Похищение свободы - Вольфганг Шрайер 24 стр.


Президент принял его сразу же. Вид у Арбенса был неважный, и Диас понял, что виной всему обстоятельства. Однако, несмотря ни на что, президент продолжал бороться.

Обменявшись рукопожатием, они начали было беседу, но все время приходилось прерываться, поскольку стекла в окнах ужасно дребезжали от рева низко пролетавших бомбардировщиков.

— Садись, Энрике, — предложил Арбенс.

Полковник молча сел на указанное место, размышляя о том, что взаимоотношения президента со старыми товарищами за последнее время резко обострились. Позавчера, узнав о решении ООН, восемьдесят армейских офицеров, придерживавшихся консервативных взглядов, в ультимативной форме потребовали отставки Арбенса. Президент посчитал этот демарш глупостью, заявив, что не собирается им потакать, чем, по мнению Диаса, еще больше осложнил свое положение. Он передал офицерам, что на президентский пост избран народом, а не армией, следовательно, и сместить его с этого поста вправе только народ. Далее он сказал, что, если армия предаст его, он вынужден будет опереться на своих избирателей.

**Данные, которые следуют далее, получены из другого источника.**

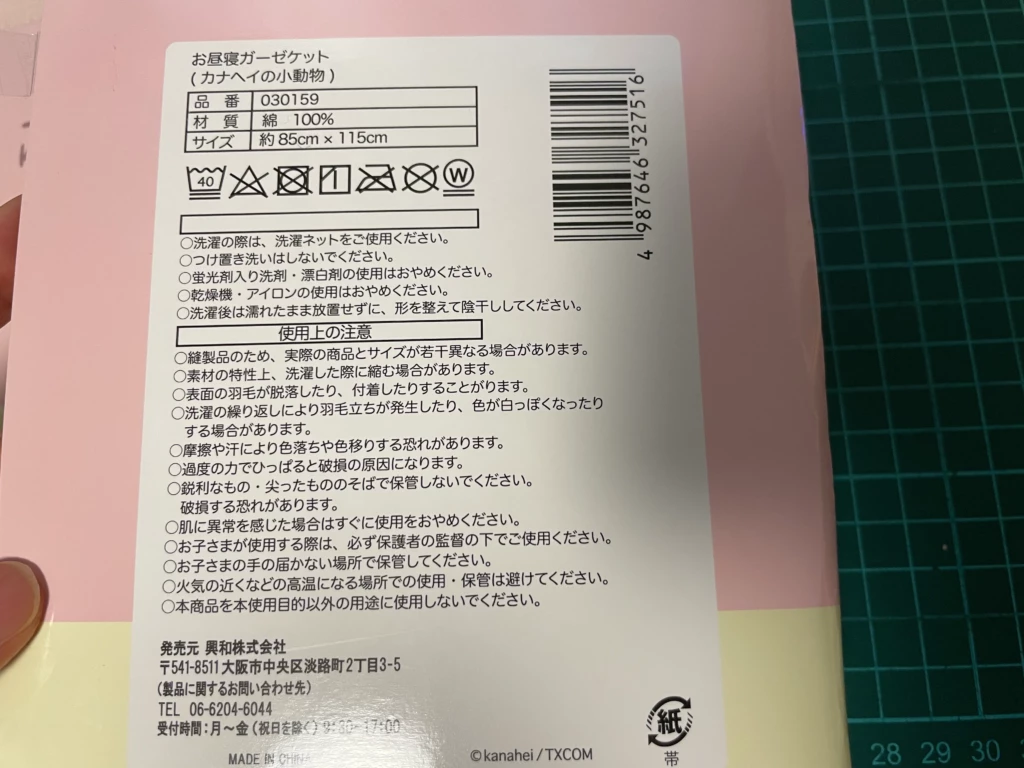 ↑綿100%。85cm✕115cmのお昼寝ガーゼケットです

Вот, собственно, почему он отдал Диасу приказ вооружить народ — раздать оружие и боеприпасы резервистам, профсоюзам и членам союза наемных рабочих. Однако Диас, как никто другой, понимал, что решился он на этот шаг слишком поздно. Армия отказалась действовать заодно с народом. Вчера в приемной Диаса весь день надрывались телефоны. Это звонили представители народа, которые возмущенно жаловались, что выдачу оружия затягивают, просили его выступить по этому вопросу и призвать к порядку виновных. Более того, ко дворцу стали стекаться различные делегации от трудящихся, однако охрана не пропускала их. Да и что он мог сказать этим людям: что приказ, который он внутренне не одобрял, невозможно выполнить даже с их помощью?

Начальники арсеналов и складов оружия саботировали его распоряжения, и он, почувствовав силу сопротивления, вынужден был уступить ей, чтобы окончательно не подорвать доверия к себе.

Борьба на два фронта — против офицерского корпуса и против сторонников Арбенса сломила его. Оказавшись между двумя мощными жерновами, он едва не был раздавлен ими. И без того сложная обстановка еще больше ухудшилась, когда начались бомбардировки городов и поселков. Во многих местах бомбардировки и полеты штурмовиков на низкой высоте вызвали панику среди населения. А тут, как назло, забурлила провинция: землевладельцы выступили против коммунистических функционеров, те не уступали, и тогда вспыхивали перестрелки…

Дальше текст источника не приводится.